A friend loaned me an audiobook of Eric Weiner’s The Geography of Happiness, in which he travels to different cultures and talks with different people, especially some scientists, and explores how we define happiness.  I have a hard time listening for long so it is going slowly, but so far it is a good read, witty and of broad perspective, if you get my drift. I have one quibble so far and it is this:  he cites research early on showing that the prefrontal cortex lights up when subjects viewed happy pictures and then concludes that because the prefrontal cortex is a recent evolutionary development, our happiness is at the forefront of our evolution.  Ohhh, that is so bad, so miseducational.  Our pfc lights up all the time when we think and plan.  While not an ethical experiment, I will bet it lights up when someone plans a hateful murder.  That it lights up with happiness is due to its place in the emotional processing system that is actually focused on midbrain structures, i.e., amygdala.  Mr.
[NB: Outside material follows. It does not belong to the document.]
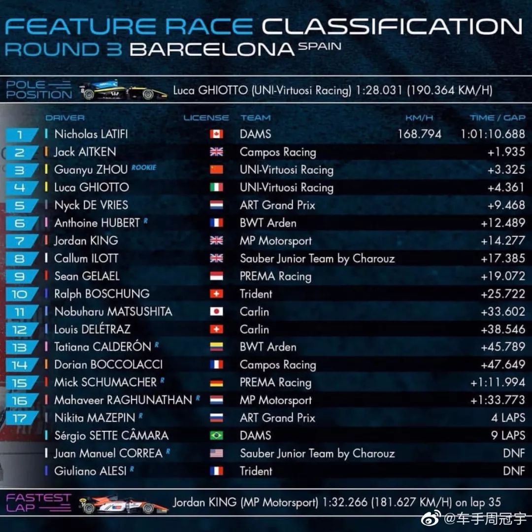 “ 最后四圈非常艰难,轮胎几乎消耗完,而杰克晚进站两圈,他最后也超过了我,”周冠宇继续说,“我没有防守太多,不然可能领奖台也会变得困难。整场比赛我们紧盯着尼古拉斯,可能没想到其他车手的威胁。 但是第三名也让我很开心,收获了中国车手F2第一个领奖台。”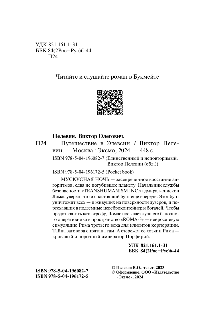 Книга: Путешествие в Элевсин (Виктор Олегович Пелевин); Эксмо, 2025

Weiner’s enchantment with the pfc (prefrontal cortex) is what I call cortical chauvinism–we think that our cortex must be so important because of its disctinctiveness (and it is special) but it has evolved from lower centers and is dependent upon them for much of our mentality.  Okay.

Here is a link to a NYT article about the science behind the movie, Inside Out:  http://www.nytimes.com/2015/07/05/opinion/sunday/the-science-of-inside-out.html

The moviemakers talked with a number of scientists before making the movie.  One of them was Paul Edman, one of my heroes and a champion of research into emotions.  The article is excellent and one thing struck me in particular.  They decided on an 11 year old girl for the movie because research shows that we experience less happiness after that age, that we transition from our youthful outlook to the drearier one of adolescence and then adulthood.  The reason given is the mourning at the loss of childhood but why is that happiness not replaced or sustained by the possibilities of adult life?  I suspect that the neurological changes worked hormonally during adolescence has something to do with the shift.  And of course, there are great individual differences.  More later, but you know, travel on.